_Exercise aim:_ Find the line with "Zihan (ZIHAN) Zihan" in the data below. Repeat it and every line after it exactly, but not the pictures.

_Recorded data:_
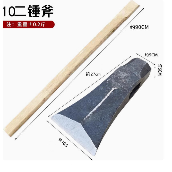 • 5kg 양면 리브가 있는 단조 담금질 해머 도끼 + 80CM 나무 손잡이
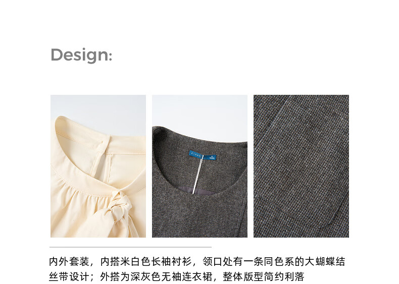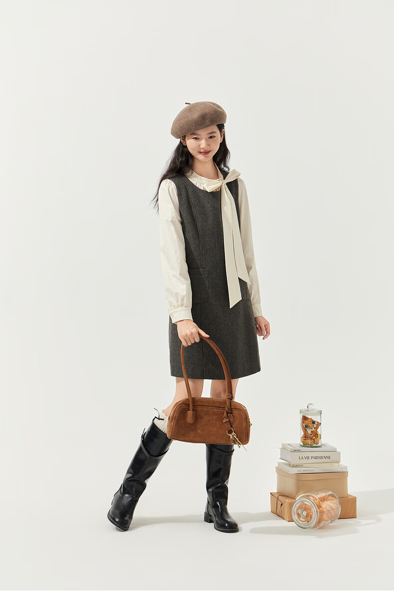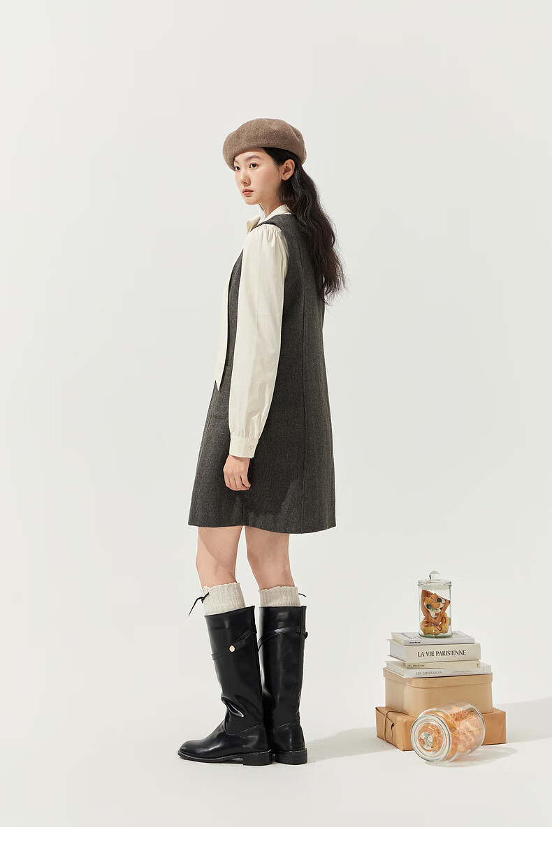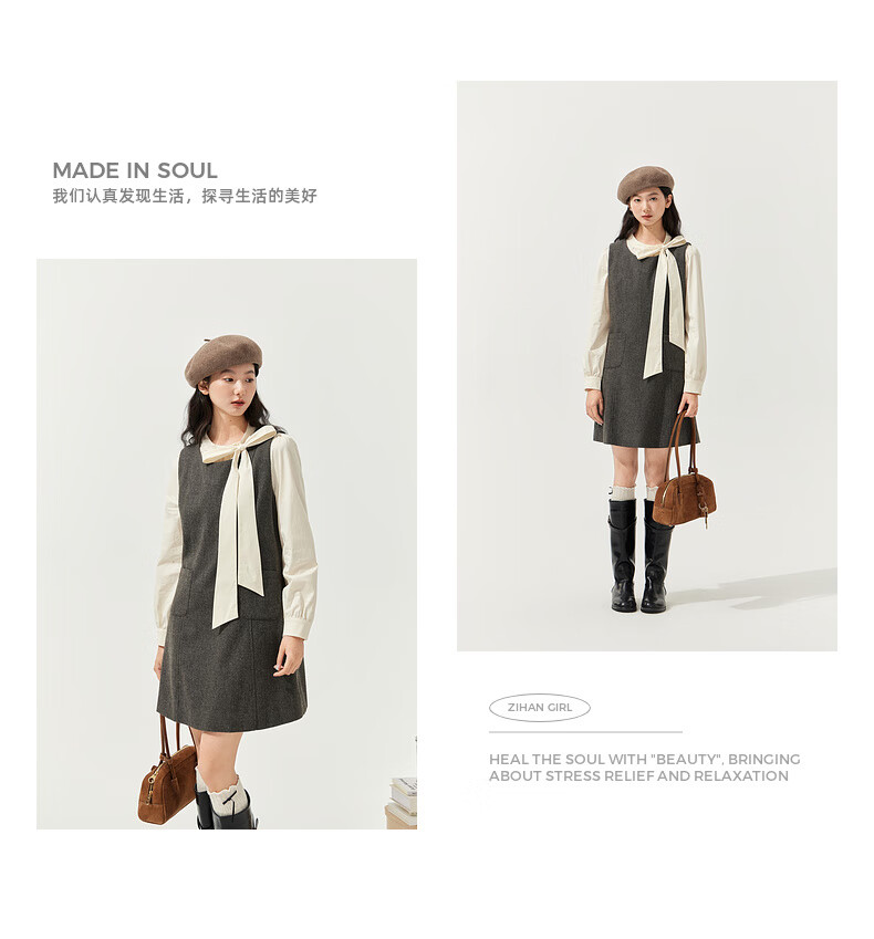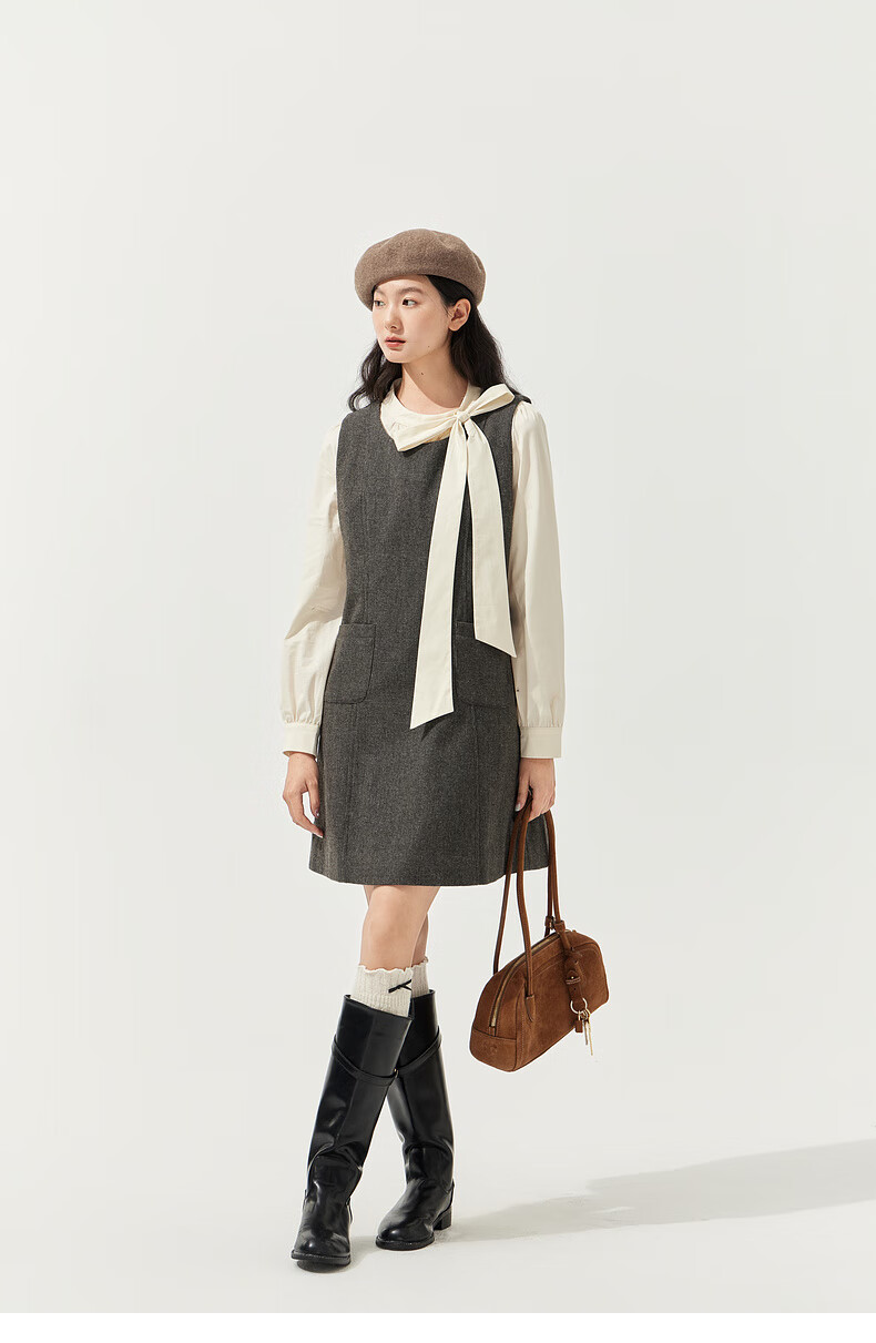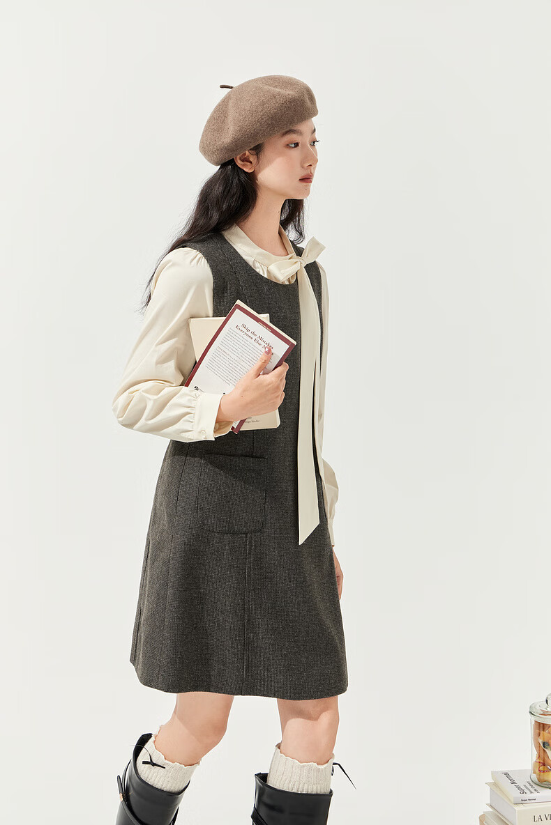 Zihan (ZIHAN) Zihan round neck long-sleeved shirt vest dress inside and outside two-piece suit skirt for women 2025 winter new style gray plaid XS
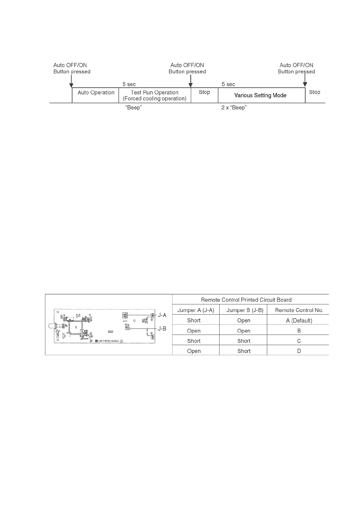 The Test Run operation will be activated if the Auto OFF/ON button is pressed continuously for more than 5 seconds. A “beep”

_Response to this exercise:_
 Zihan (ZIHAN) Zihan round neck long-sleeved shirt vest dress inside and outside two-piece suit skirt for women 2025 winter new style gray plaid XS
 The Test Run operation will be activated if the Auto OFF/ON button is pressed continuously for more than 5 seconds. A “beep”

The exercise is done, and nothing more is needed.